Vitis High-Level Synthesis User Guide (UG1399)

Document ID
English (United States)
Release Date
2021.2 English

Fixed-point data types model the data as an integer and fraction bits with the format ap_fixed<W,I,Q> as explained in the table below. In the following example, the Vitis HLS ap_fixed type is used to define an 18-bit variable with 6 bits specified as representing the numbers above the binary point, and 12 bits implied to represent the value after the decimal point. The variable is specified as signed and the quantization mode is set to round to plus infinity. Because the overflow mode is not specified, the default wrap-around mode is used for overflow.

#include <ap_fixed.h>
ap_fixed<18,6,AP_RND > my_type;

When performing calculations where the variables have different number of bits or different precision, the binary point is automatically aligned.

The behavior of the C++ simulations performed using fixed-point matches the resulting hardware. This allows you to analyze the bit-accurate, quantization, and overflow behaviors using fast C-level simulation.

Fixed-point types are a useful replacement for floating point types which require many clock cycle to complete. Unless the entire range of the floating-point type is required, the same accuracy can often be implemented with a fixed-point type resulting in the same accuracy with smaller and faster hardware.

A summary of the ap_fixed type identifiers is provided in the following table.

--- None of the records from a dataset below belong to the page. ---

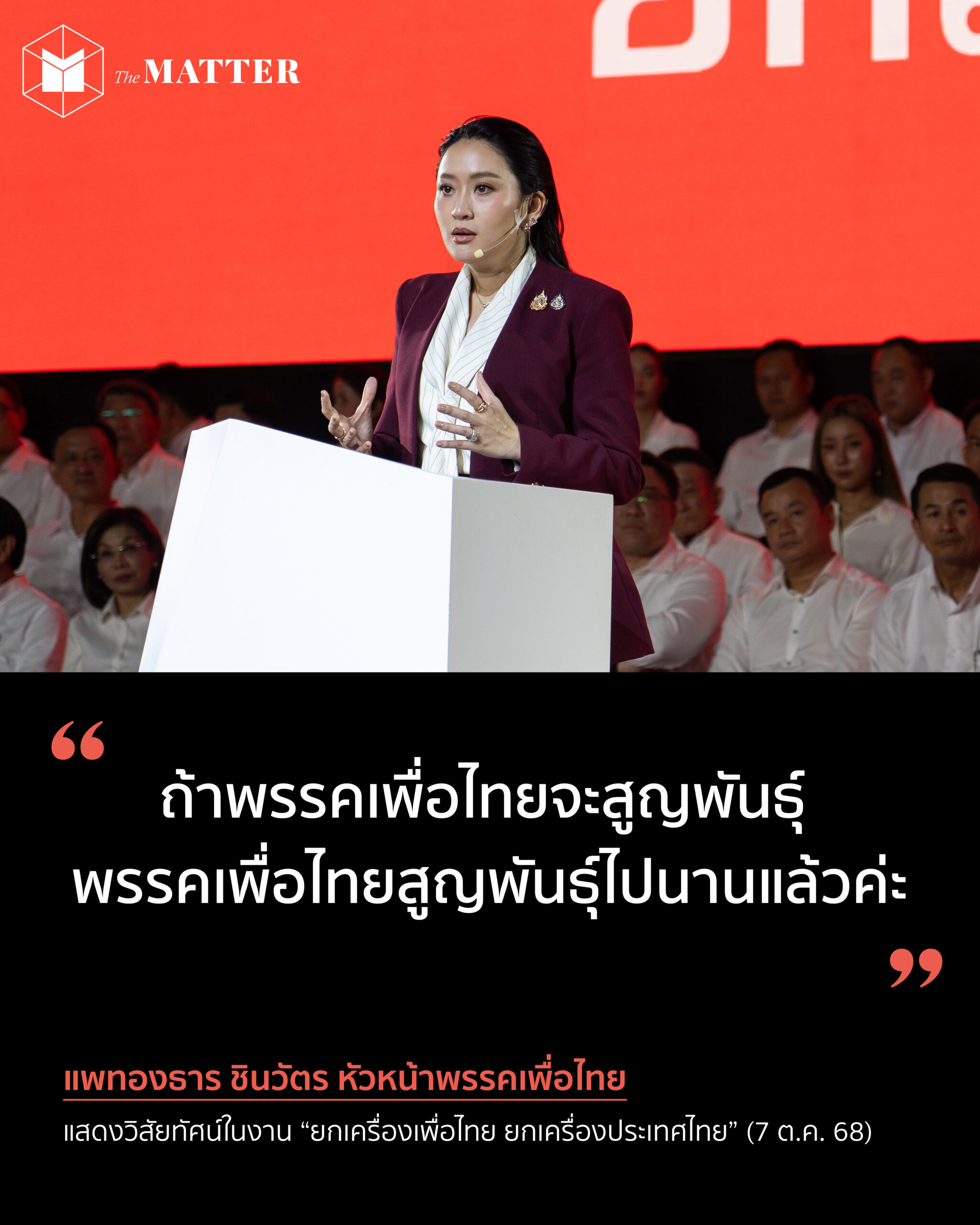 ในงาน “ยกเครื่องเพื่อไทย ยกเครื่องประเทศไทย” วันนี้ (7 ตุลาคม 2568) แพทองธาร ชินวัตร อดีตนายกฯ และหัวหน้าพรรคเพื่อไทย เปิดตัวแคมเปญใหม่ของพรรคเพื่อไทย รวมถึงแนะนำว่าที่ สส. 185 คน สำหรับการเลือกตั้งครั้งหน้า
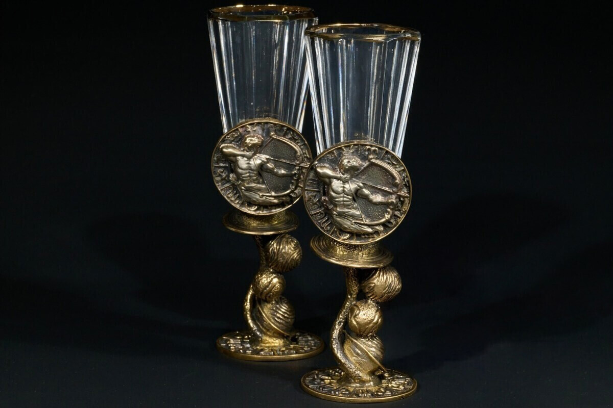 Акцентом этого подарочного набора является искусно выполненное художественное литье из патинированной латуни, которым оформлен каждый из лафитников. Оцените мастерство автора, который передал в металле мельчайшие детали знака зодиака.
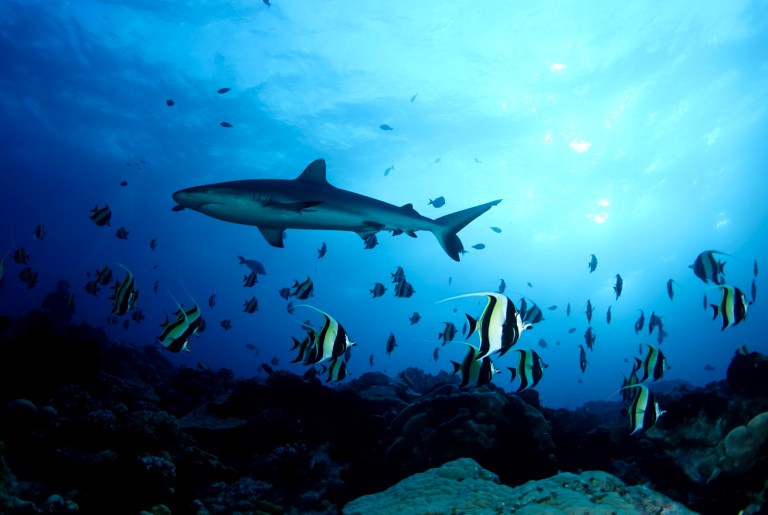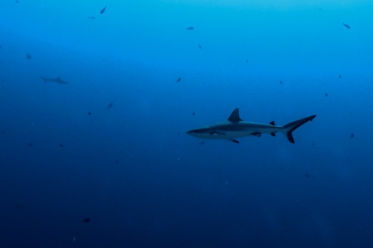 The diving here was similar. Strong current. Lots of schooling grey reefs. And a baby silver tip!

Table 1. Fixed-Point Identifier Summary
Identifier Description
W Word length in bits
I The number of bits used to represent the integer value, that is, the number of integer bits to the left of the binary point. When this value is negative, it represents the number of implicit sign bits (for signed representation), or the number of implicit zero bits (for unsigned representation) to the right of the binary point. For example,
ap_fixed<2, 0> a = -0.5;    // a can be -0.5,

ap_ufixed<1, 0> x = 0.5;    // 1-bit representation. x can be 0 or 0.5
ap_ufixed<1, -1> y = 0.25;  // 1-bit representation. y can be 0 or 0.25
const ap_fixed<1, -7> z = 1.0/256;  // 1-bit representation for z = 2^-8
Q Quantization mode: This dictates the behavior when greater precision is generated than can be defined by smallest fractional bit in the variable used to store the result.
ap_fixed Types Description
AP_RND Round to plus infinity
AP_RND_ZERO Round to zero
AP_RND_MIN_INF Round to minus infinity
AP_RND_INF Round to infinity
AP_RND_CONV Convergent rounding
AP_TRN Truncation to minus infinity (default)
AP_TRN_ZERO Truncation to zero

Overflow mode: This dictates the behavior when the result of an operation exceeds the maximum (or minimum in the case of negative numbers) possible value that can be stored in the variable used to store the result.

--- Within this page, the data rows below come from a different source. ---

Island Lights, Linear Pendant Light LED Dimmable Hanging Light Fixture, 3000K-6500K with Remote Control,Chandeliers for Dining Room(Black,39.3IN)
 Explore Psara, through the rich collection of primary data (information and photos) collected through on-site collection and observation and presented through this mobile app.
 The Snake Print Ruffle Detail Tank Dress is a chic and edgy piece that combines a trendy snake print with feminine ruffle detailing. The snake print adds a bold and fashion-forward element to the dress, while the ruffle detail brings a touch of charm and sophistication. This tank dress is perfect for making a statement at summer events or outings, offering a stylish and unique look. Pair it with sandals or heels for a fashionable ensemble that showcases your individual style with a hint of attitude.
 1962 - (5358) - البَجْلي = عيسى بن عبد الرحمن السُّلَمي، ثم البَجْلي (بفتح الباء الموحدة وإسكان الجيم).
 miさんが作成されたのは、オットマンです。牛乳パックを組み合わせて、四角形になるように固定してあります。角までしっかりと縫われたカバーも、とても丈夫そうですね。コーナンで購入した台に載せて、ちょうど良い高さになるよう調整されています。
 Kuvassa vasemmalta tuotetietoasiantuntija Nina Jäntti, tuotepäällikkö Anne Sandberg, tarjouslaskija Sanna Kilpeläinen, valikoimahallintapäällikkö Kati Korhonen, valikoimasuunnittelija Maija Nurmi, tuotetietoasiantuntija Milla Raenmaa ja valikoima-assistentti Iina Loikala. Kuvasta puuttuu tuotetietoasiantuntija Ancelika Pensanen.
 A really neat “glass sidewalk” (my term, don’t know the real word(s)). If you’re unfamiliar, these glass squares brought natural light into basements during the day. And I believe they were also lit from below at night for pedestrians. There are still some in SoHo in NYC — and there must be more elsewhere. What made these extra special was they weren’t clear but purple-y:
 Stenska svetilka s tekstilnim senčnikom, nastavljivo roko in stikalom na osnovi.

ap_fixed Types Description
AP_SAT 1 Saturation
AP_SAT_ZERO 1 Saturation to zero
AP_SAT_SYM 1 Symmetrical saturation
AP_WRAP Wrap around (default)
AP_WRAP_SM Sign magnitude wrap around
N This defines the number of saturation bits in overflow wrap modes.
  1. Using the AP_SAT* modes can result in higher resource usage as extra logic will be needed to perform saturation and this extra cost can be as high as 20% additional LUT usage.

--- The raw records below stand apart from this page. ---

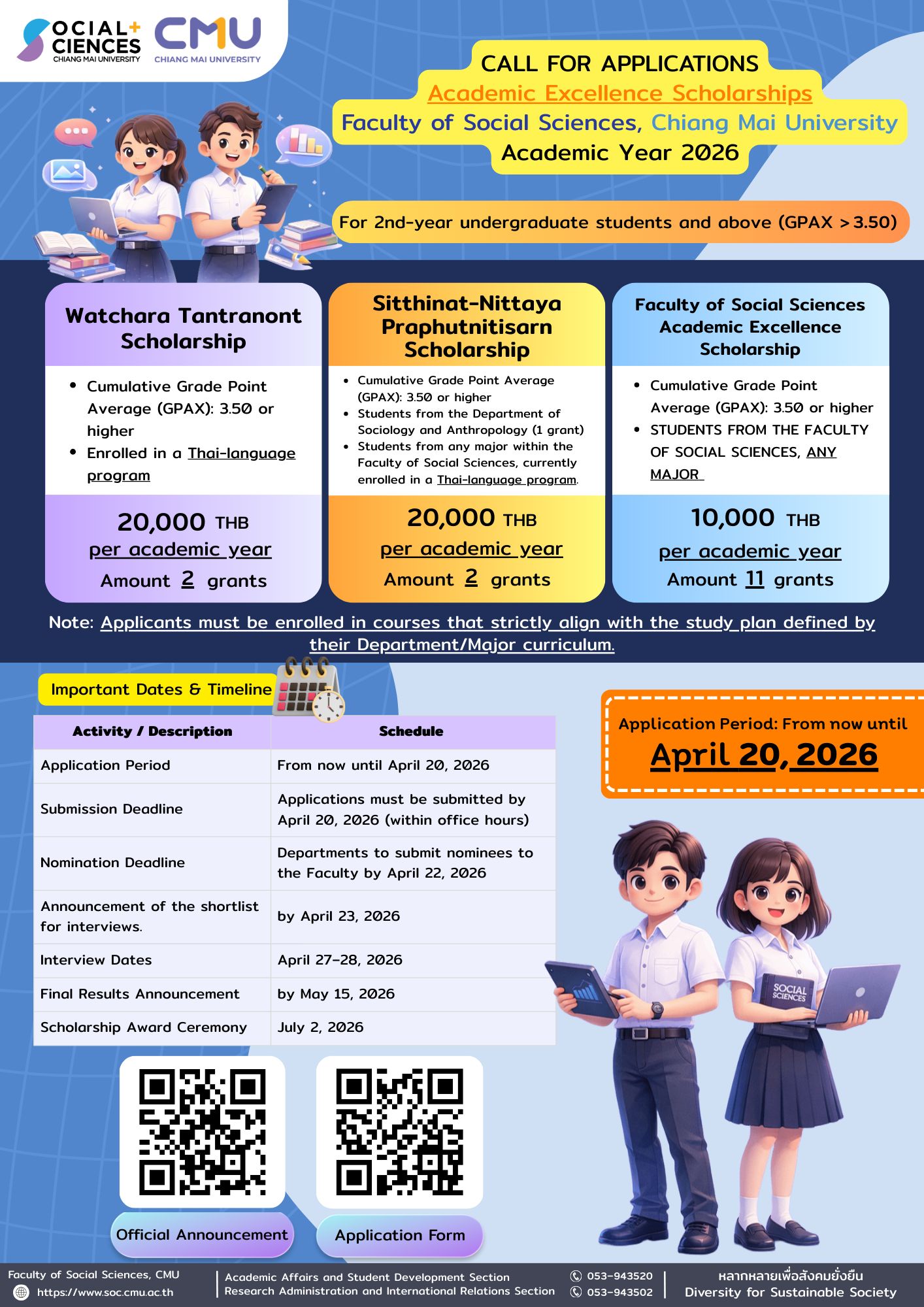 Call for Applications: เปิดรับสมัครทุนเรียนดีคณะสังคมศาสตร์ ปีการศึกษา 2569
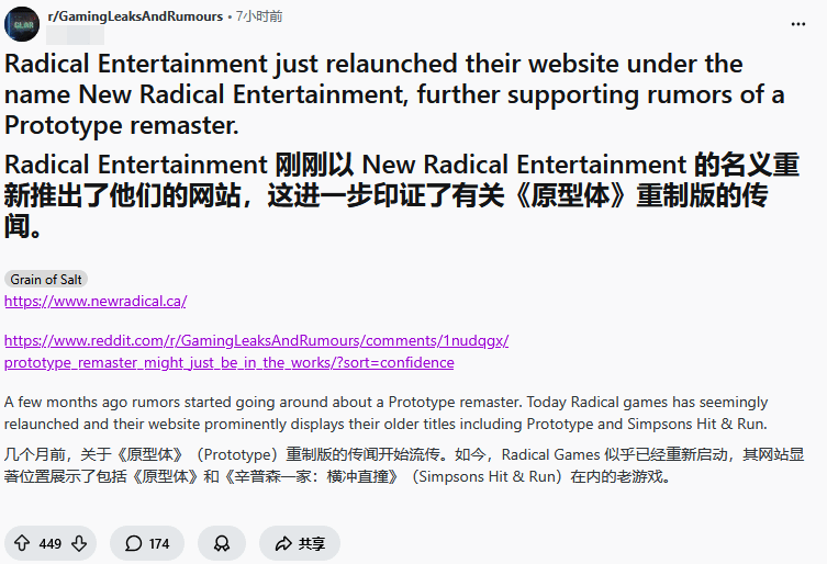 不过,在众人狂欢之余,也有必要冷静看待这一线索——有玩家仔细梳理后发现,诸多细节其实暗藏疑点,复刻计划能否落地仍未可知。首先,New Radical Games只是一家新成立的独立工作室,并不隶属于动视,与原本开发《虐杀原形》的Radical Entertainment,也没有任何官方层面的继承关系,两者之间仅存在精神和血缘上的传承,其核心成员包括Radical Entertainment的创始人在内,有一部分来自原团队。
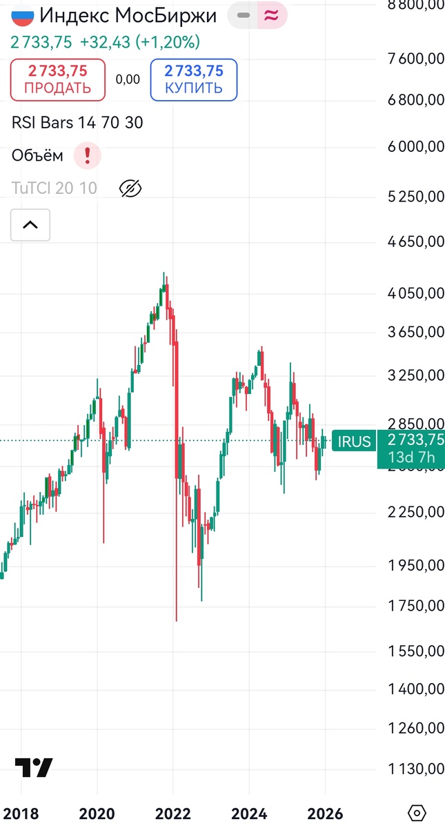 Ну и не стоит забывать про то, что базово индекс ММВБ торгуется очень низко. Это уровни 2019 года. Соответственно если не учитывать дивиденды, то индекс стоит на месте уже 7 лет.

The default maximum width allowed for ap_[u]fixed data types is 1024 bits. This default may be overridden by defining the macro AP_INT_MAX_W with a positive integer value less than or equal to 4096 before inclusion of the ap_int.h header file.

Important: ROM Synthesis can take a long time when using APFixed:. Changing it to int results in a quicker synthesis. For example:

static ap_fixed<32> a[32][depth] =

Can be changed to:

static int a[32][depth] =